Solved: Re: Line chart comparing yesterday's result with t...

dcroteau · ‎05-19-2010

I was intrigued by a chart that I saw the other day in an App. The App had a dashboard that compared last weeks results vs this weeks results on the same chart. Unfortunately, I did not see the search behind the scenes.

I am looking for a week over week and day over day chart comparing stock trade volume from the previous day or week with today's or this week.

What would a search look like? Again the end goal for me is to have a line chart with 2 lines 1 with this yesterdays volume and 1 with todays volume.

carasso · ‎12-06-2013

Comparing week-over-week results used to a pain in Splunk, with complex date calculations.

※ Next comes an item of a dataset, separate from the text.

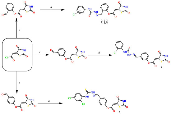 To a mixture of 0.001 mol of corresponding formylphenyl (2,4-dioxothiazolidin- 5-ylidene)acetate and 0.001 mol of corresponding 4-(chlorophenyl)thiosemicarbazide, 5 mL of ethanol was added. The reaction mixture was heated under reflux for 15 min. After cooling, the precipitate was filtered off and washed with ethanol. After drying, the precipitate was recrystallized from appropriate solvents, i.e., butanol for compounds 2, 3, and 5 and DMF:H2O (2:1) for compound 4.

No more. Now there is a better way.

I wrote a convenient search command called "timewrap" that does it all, for arbitrary time periods.

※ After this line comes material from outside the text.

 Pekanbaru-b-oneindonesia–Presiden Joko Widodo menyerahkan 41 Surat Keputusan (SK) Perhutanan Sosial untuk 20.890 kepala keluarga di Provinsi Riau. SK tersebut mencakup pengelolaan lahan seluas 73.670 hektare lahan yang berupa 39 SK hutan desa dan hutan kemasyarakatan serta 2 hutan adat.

... | timechart count span=1h | timewrap d

That's it!

http://apps.splunk.com/app/1645/

View solution in original post

carasso · ‎12-06-2013

Comparing week-over-week results used to a pain in Splunk, with complex date calculations. No more. Now there is a better way.

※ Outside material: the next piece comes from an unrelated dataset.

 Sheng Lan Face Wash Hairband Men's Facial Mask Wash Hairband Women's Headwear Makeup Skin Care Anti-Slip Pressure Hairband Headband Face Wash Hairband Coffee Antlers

I wrote a convenient search command called "timewrap" that does it all, for arbitrary time periods.

... | timechart count span=1h | timewrap d

That's it!

http://apps.splunk.com/app/1645/

joelshprentz · ‎10-26-2010

The answers to this question helped me plot the hourly averages of some value for each of the past four weeks.

Most previous answers suggested if/then logic based on the time of each event. With four weeks to distinguish, I chose a more direct calculation of the week number (1, 2, 3, or 4):

eval week = floor(5 - (relative_time(now(), "@w") - relative_time(_time, "@w")) / 604800)

That large divisor is the number of seconds in a week.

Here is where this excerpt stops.